Appellants’ motion for stay is GRANTED and the enforcement of City of Hollywood ordinance No. 0-80-15 is ENJOINED pending the resolution of this appeal.

. After this opinion was prepared the Eighth Circuit upheld a statute based on the Model Drug Paraphernalia Act. The Casbah Inc. v. Thone, 651 F.2d 551 (8th Cir. 1981). This does not change our conclusion.

. A substantial loss of business may amount to irreparable injury if the amount of lost profits is difficult or impossible to calculate, especially where, as alleged by appellants, the loss of business may result in bankruptcy.

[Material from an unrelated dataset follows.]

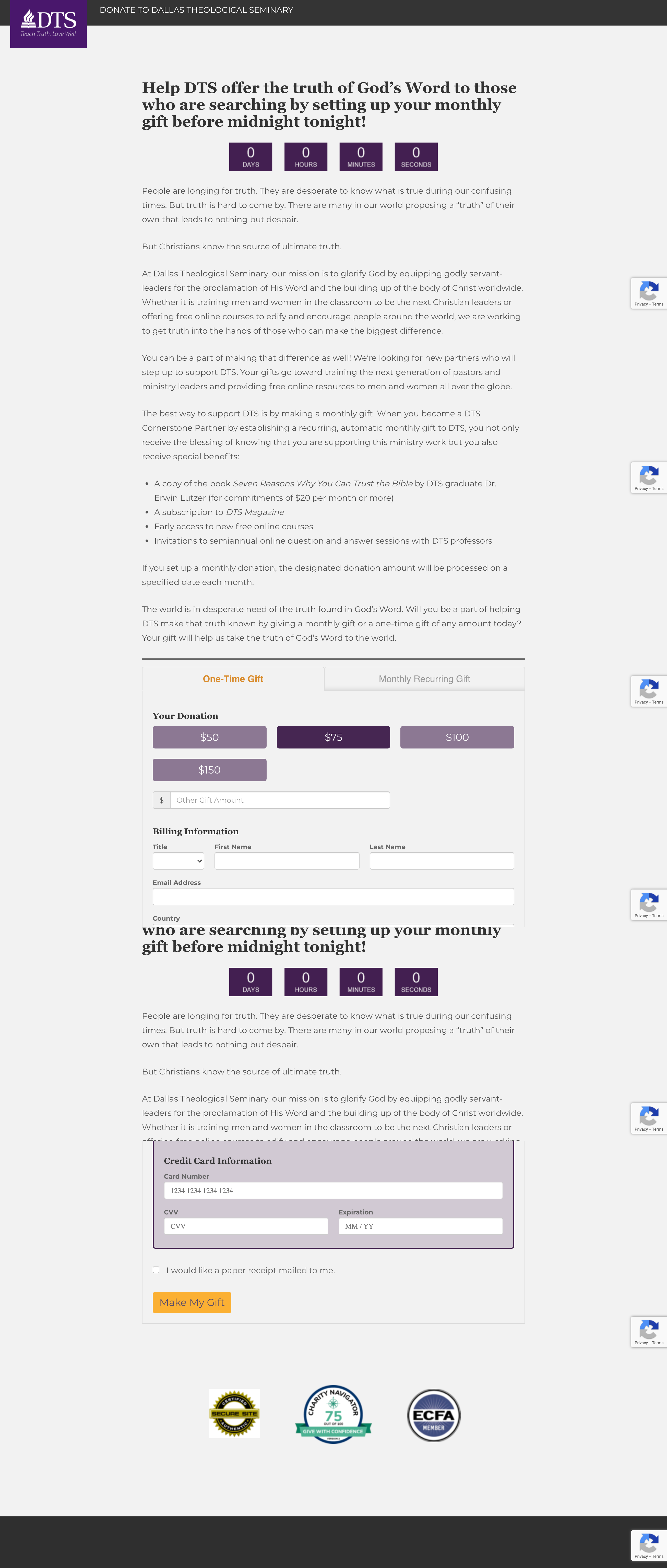 Because the campaign had a very limited window to run, we did not receive enough sessions or transactions to validate the experiment. We will want to test this again with a longer runway to capture a proper amount of traffic in order to more thoroughly analyze how this impacts recurring giving in the future.

See Doran v. Salem Inn, Inc., 422 U.S. 922, 932, 95 S.Ct. 2561, 2568, 45 L.Ed.2d 648, 660 (1975) (“substantial loss of business and perhaps even bankruptcy”); Planned Parenthood v. Citizens for Community Action, 558 F.2d 861, 866-67 (8th Cir. 1977) (incalculable loss of revenue); New York Pathological & X-Ray Laboratories, Inc. v. Immigration & Naturalization Service, 523 F.2d 79, 81-82 & n.5 (2d Cir. 1975) (loss of 15% of business). Cf. Independent Bankers Ass’n v. Smith, 534 F.2d 921, 950 (D.C.Cir.), cert. denied, 429 U.S. 862, 97 S.Ct. 166, 50 L.Ed.2d 141 (1976). See also cases discussed in note 3, infra.

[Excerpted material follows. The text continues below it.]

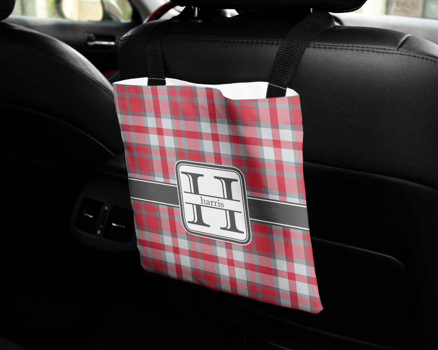 These car back seat organizers are sturdy tote-like bags, fabricated from a robust polyester, and features a single handle on the back side. The strap features an attachable velcro for easy attachment to headrests, grocery carts, car seats, and more. Simply undo the velcro, loop the strap around the headrest, reattach the velcro, and let the organizer hang from the front seat. These car organizers are the perfect means of increasing your backseat's legroom, while storing multiple items in one place for better accessibility. Each car back seat organizer measures at 10 by 10 inches, and features your personalized design printed across its front and back.

. If customers are likely to stop patronizing a supplier because it can no longer continue to provide goods or services available elsewhere, the impossibility of calculating the value of this loss of goodwill amounts to irreparable injury. Guiness-Harp Corp. v. Jos. Schlitz Brewing Co., 613 F.2d 468, 473 (2d Cir. 1980); Planned Parenthood, supra note 1, at 867; Blackwelder Furniture Co. v. Seilig Manufacturing Co., 550 F.2d 189, 196-97 (4th Cir. 1977); Interphoto Corp. v. Minolta Corp., 417 F.2d 621, 622 (2d Cir. 1969).






Dissenting Opinion

KRAVITCH, Circuit Judge,

dissenting:

I would not issue a stay and injunction in this case. An injunction pending appeal is extraordinary relief that should be granted sparingly. We do not grant such relief unless we find: (1) that a substantial likelihood exists that the district court abused its discretion in failing to grant relief, (2) that the appellant faces a substantial threat of irreparable injury, (3) that the threatened injury to the appellant outweighs any harm the temporary relief would impose on the appellee, and (4) that the relief would not disserve the public interest. MacBride v. Askew, 541 F.2d 465, 467 (5th Cir. 1976). I am not convinced that appellants have satisfied all four criteria. Specifically, appellants have failed to demonstrate a “substantial” likelihood that they will prevail on the merits. The majority offers no reasoning to support its assertion that appellants are likely to succeed on the merits; rather, this conclusion is apparently based on cases construing other underlined drug paraphernalia statutes. Only two circuit courts have considered the constitutionality of the Model Drug Paraphernalia Act. The Eighth Circuit recently upheld in its entirety a statute based on the Model Act. The Casbah, Inc. v. Thone, No. 80-1925,-F.2d-(8th Cir., June 8, 1981). The Sixth Circuit invalidated three ordinances based on the Model Act, Record Revolution No. 6, Inc. v. City of Parma, 638 F.2d 916 (6th Cir. 1980); the Supreme Court, however, has vacated' and remanded Record Revolution to the Sixth Circuit. 49 U.S.L.W. 3882, - U.S. -, 101 S.Ct. -, 68 L.Ed.2d - (U.S. May 26, 1981).1 Numerous district courts have upheld the constitutionality of statutes based on the Model Act. See Tobacco Accessories v. Treen, 501 F.Supp. 168 (E.D.La.1980) (appeal pending); Mid-Atlantic Accessories Trade Assoc., et al. v. State of Maryland, 500 F.Supp. 834 (D.Md. 1980); Delaware Accessories Trade Assoc. v. Gebelein, 497 F.Supp. 289 (D.Del.1980); and World Imports, Inc. v. Woodbridge Township, 493 F.Supp. 428 (D.N.J.1980). Moreover, should the district court order be affirmed on appeal, the public interest could be disserved by issuance of the stay and injunction.

Respectfully, I dissent.

. The Supreme Court remanded Record Revolution to the Sixth Circuit for further reconsideration in light of the recently enacted Ohio Revised Code § 2925.14. This statute prohibits the sale of marijuana paraphernalia to juveniies.